UD/JPY’s recovery in July was an important monthly reversal but remains far below the crucial 88 level, which is the 61.8% retracement of the decline from the October 2007 high to the October 2008 low. As price moves along the time axis, the 88 level also coincides with the trend line resistance, extending from the same October 2007 through the July 2008 high. Thus, any subsequent recovery above 81.40 — a 50% retracement of the aforementioned decline — will likely face significant pressure at 88 (see "Stuck in the middle").
Integrating oscillators into the chart, we use the slow stochastics (9,3,3) to gauge the pace of momentum. The persistent negative crossover in stochastics suggests negative momentum remains in place. Since this is a monthly chart, slow stochastics tend to absorb counter moves with possible multi-week duration. But as long as the 88 level is not breached, renewed downside is expected to extend towards the 67-68.00 level.

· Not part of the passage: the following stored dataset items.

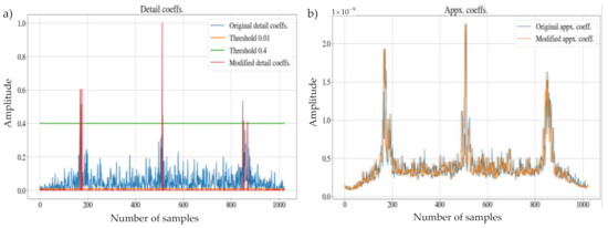 The result of this block corresponds to the approximation coefficients and the detail coefficients with the corresponding attenuations to eliminate the different noise variants mentioned above. Figure 9 shows an example of the difference between the original coefficients and those modified by this block.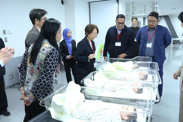 視察当日は、本学キャンパス(総合校舎コクーンタワー)にて、看護実習室などの施設を見学。「学校が関連産業と強固に連携し、業界のニーズに基づいた技能や人材を育成している現状は、非常に興味深い」と、日本のイノベーション創出への貢献に対するコメントもいただきました。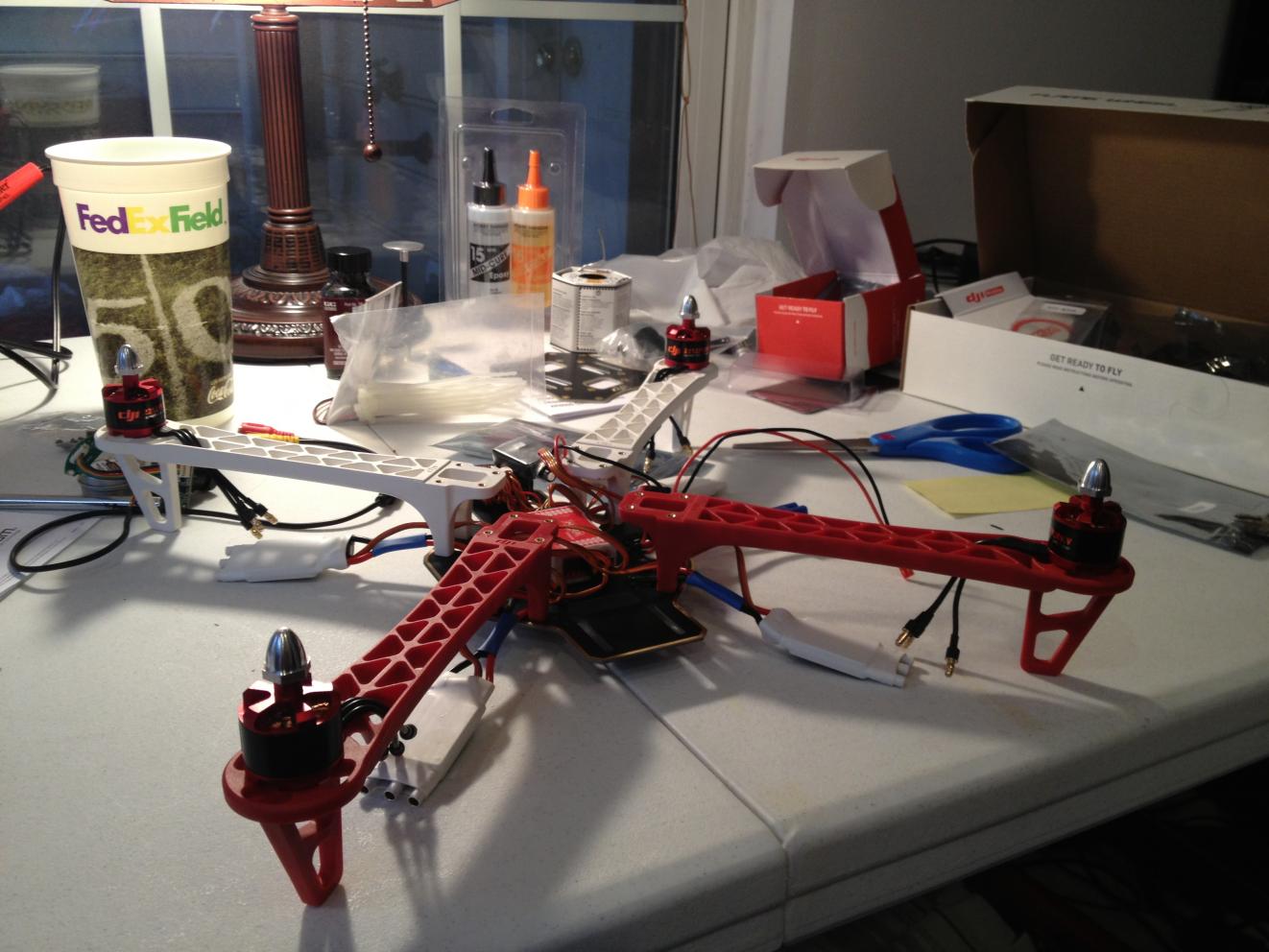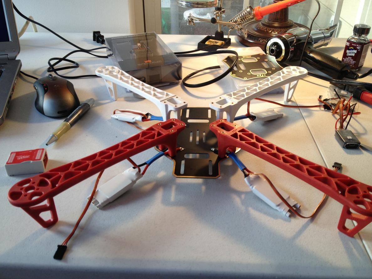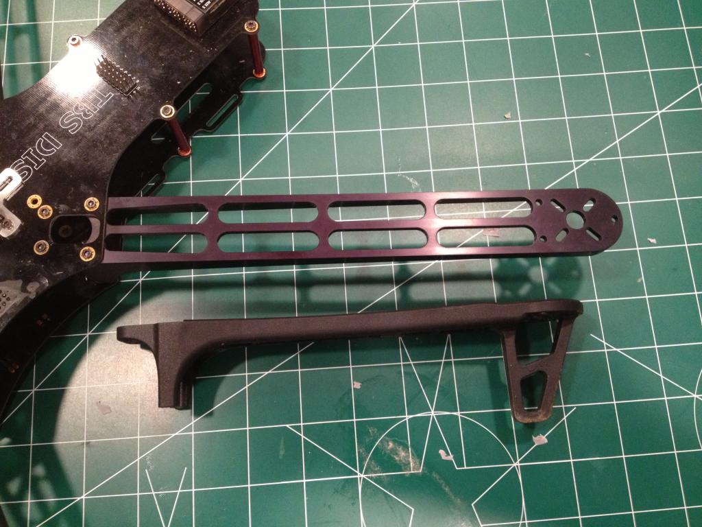 Here are some shots of my 450 and 550 setups. The 450 CF sticks weigh nothing (almost) I grooved them on a milling machine and Zip-tied them to the 450, they are very solid.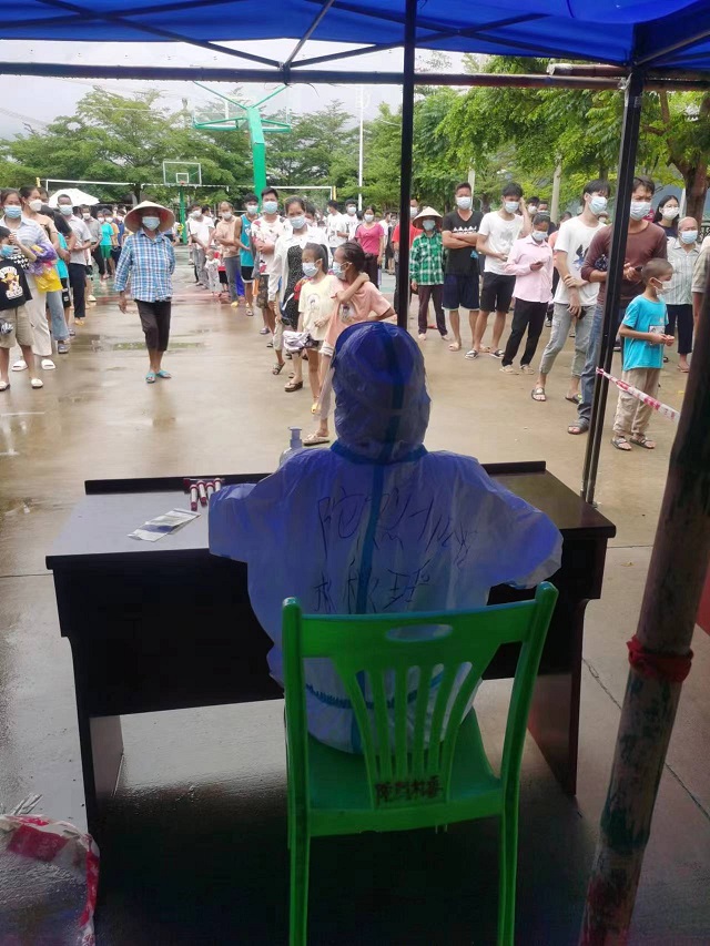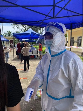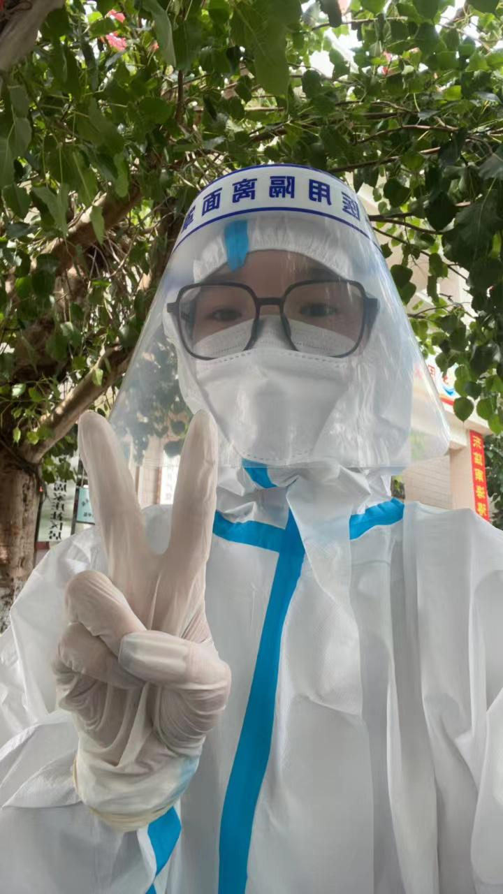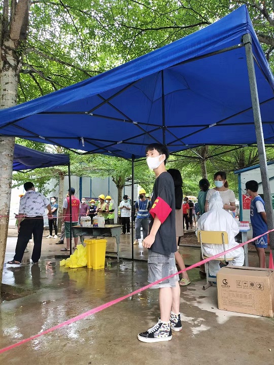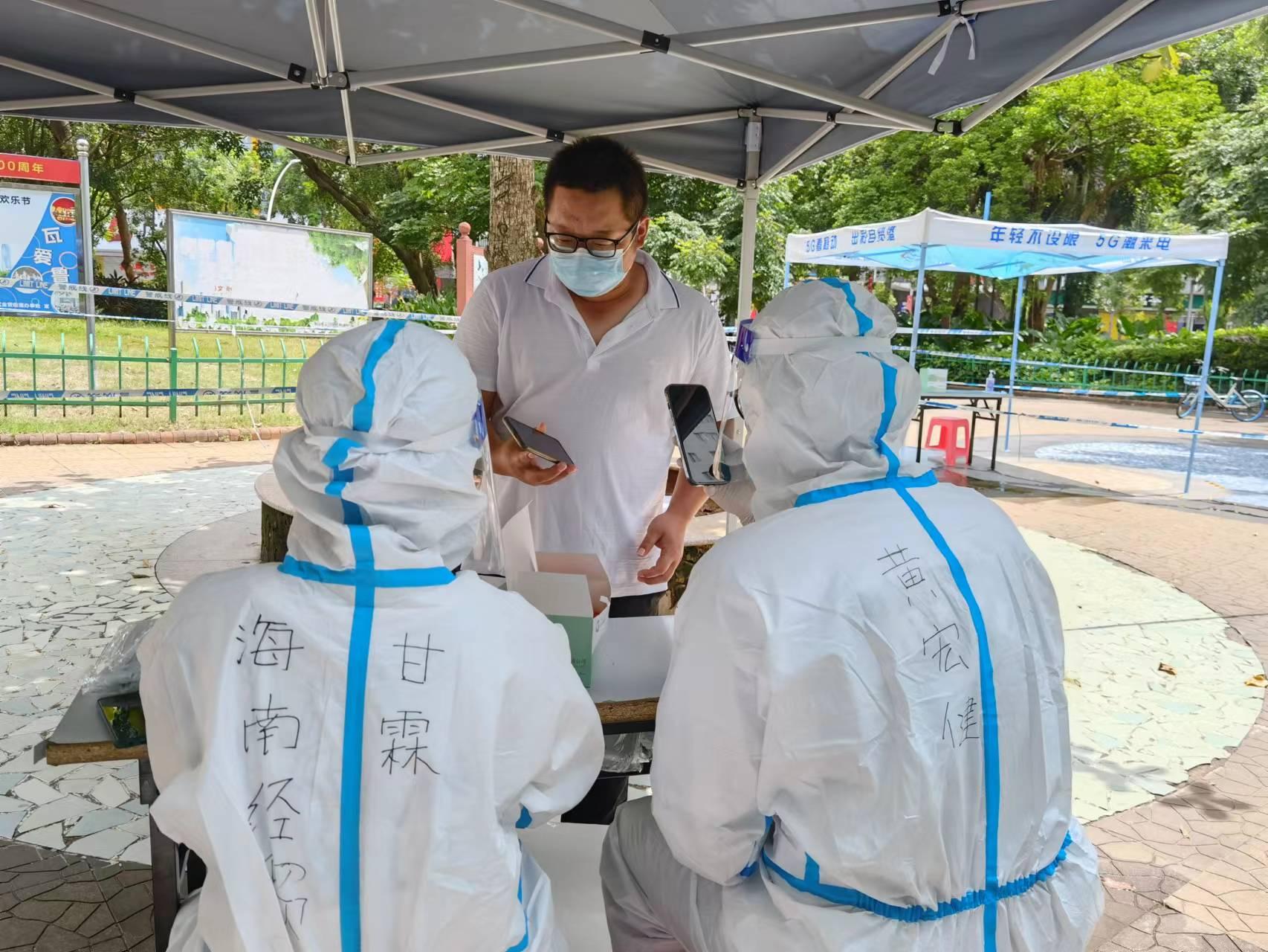 ▲21级室内设计2班朱子恒在海南省昌江县当志愿者协助核酸检验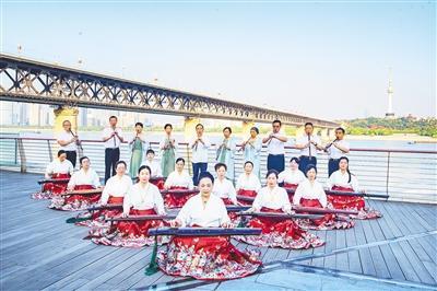 9月28日清晨,在武汉武昌区中华路城市阳台,来自武昌区老年大学、汉阳区老年大学的30余名古琴学员集体演奏《满江红》《歌唱祖国》等曲目,吸引大批市民观看。 (湖北日报全媒记者 何宇欣 通讯员 邵龙 摄)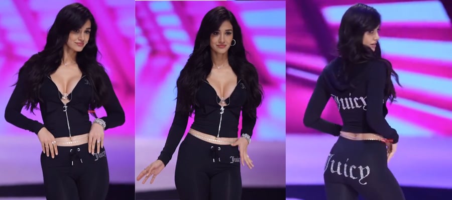 pink and purple lights, Disha didn’t just walk the ramp — she dominated it. Flawless skin, sultry eyes, and killer confidence turned this Juicy Couture moment into one of the hottest highlights of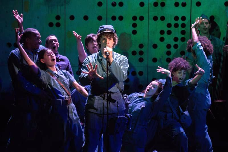 Alvarez also wrote the book and lyrics, and he co-wrote the music with Tunis and the incredibly talented percussionist Eric Farber (also a member of The Lisps) who plays various “contraptions” in the piece. They are joined by a wonderfully diverse cast of ten actors who play the ensemble of soldiers in addition to providing the impressive live accompaniment.
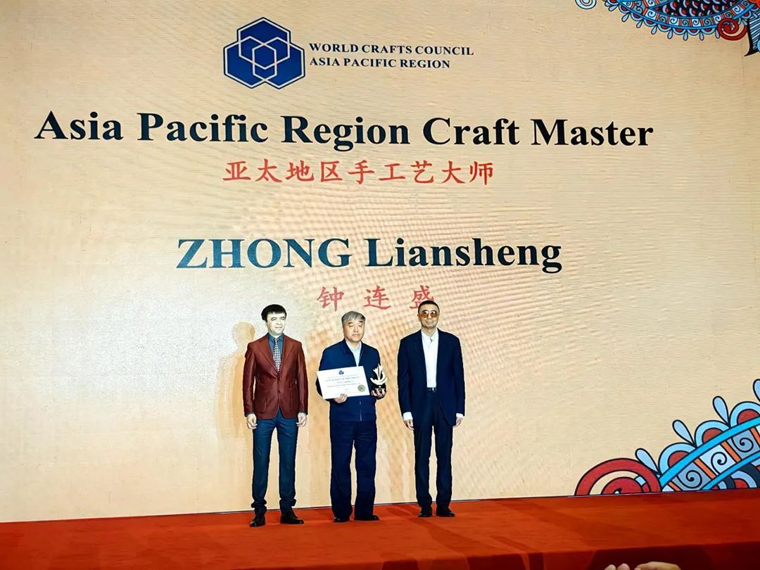 2023年11月8日,中国工艺美术大师、国家级非物质文化遗产景泰蓝技艺代表性传承人钟连盛荣获本届“亚太地区手工艺大师”称号。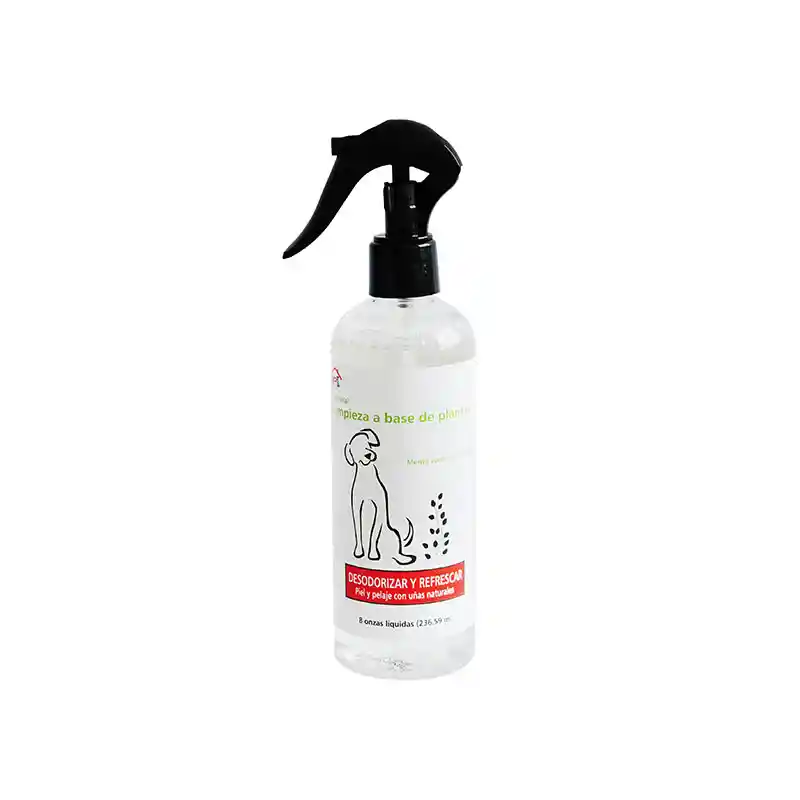 Eliminador de olores Listo Para Usar es un poderoso desodorizante desarrollado para remover olores molestos y desagradables en forma rápida y eficaz. Su formulación de triple acción con moléculas orgánicas suspendidas en el aire, limpia y deja un aroma fresco. Es altamente efectivo en lugares con constante exposición a desechos, materia orgánica, cigarro, humedad, comida, entre otros. Gracias a su formulación lista para usar, se evitan errores de dilución y se optimizan los tiempos. Es el producto perfecto para mantener a tu perro siempre fresco y con un aroma agradable. Su fórmula desodorante elimina los olores indeseables, dejando un aroma suave y duradero en el pelaje de tu mascota. Con un volumen de 8 onzas liquidas (236,59 mL), este spray es ideal para llevarlo contigo a donde quiera que vayas, asegurando que tu perro siempre esté presentable. Además, su condición de nuevo garantiza que recibirás un producto de calidad. No te preocupes por la inflamabilidad, ya que este producto es seguro de usar. Aprovecha esta oportunidad y dale a tu perro el cuidado que se merece con la limpieza a base de plantas menta verde de eucalipto. Modo de uso: Eliminar toda la suciedad causante del olor no deseado. Rellenar un Pulverizador con el producto Listo para Usar. Ajustar la boquilla para tener un pulverizado fino y aplicar en el centro del área a intervenir. No es corrosivo. En todos los caso esperar de 10 min. antes de enjuagar con agua o paño húmedo. Eliminador y Destructor de Olores Recomendado para perro. Con efecto desodorante.

The Reserve Bank of Australia’s (RBA) preferred inflation measure slowed to 2.7% quarter over quarter in Q2, from 3.0% in Q1, reaching its lowest pace in three years. The case against further RBA tightening is highlighted by the fact that Australian inflation has slowed for the last six quarters as well as a broadening slowdown on the consumer front. And with the overnight rate standing at 4.5% following 150 bps of tightening, forward-looking FX markets may grow reluctant to push the Aussie above key technical levels. The view that rates have peaked will only exacerbate the Aussie’s decline during risk aversion.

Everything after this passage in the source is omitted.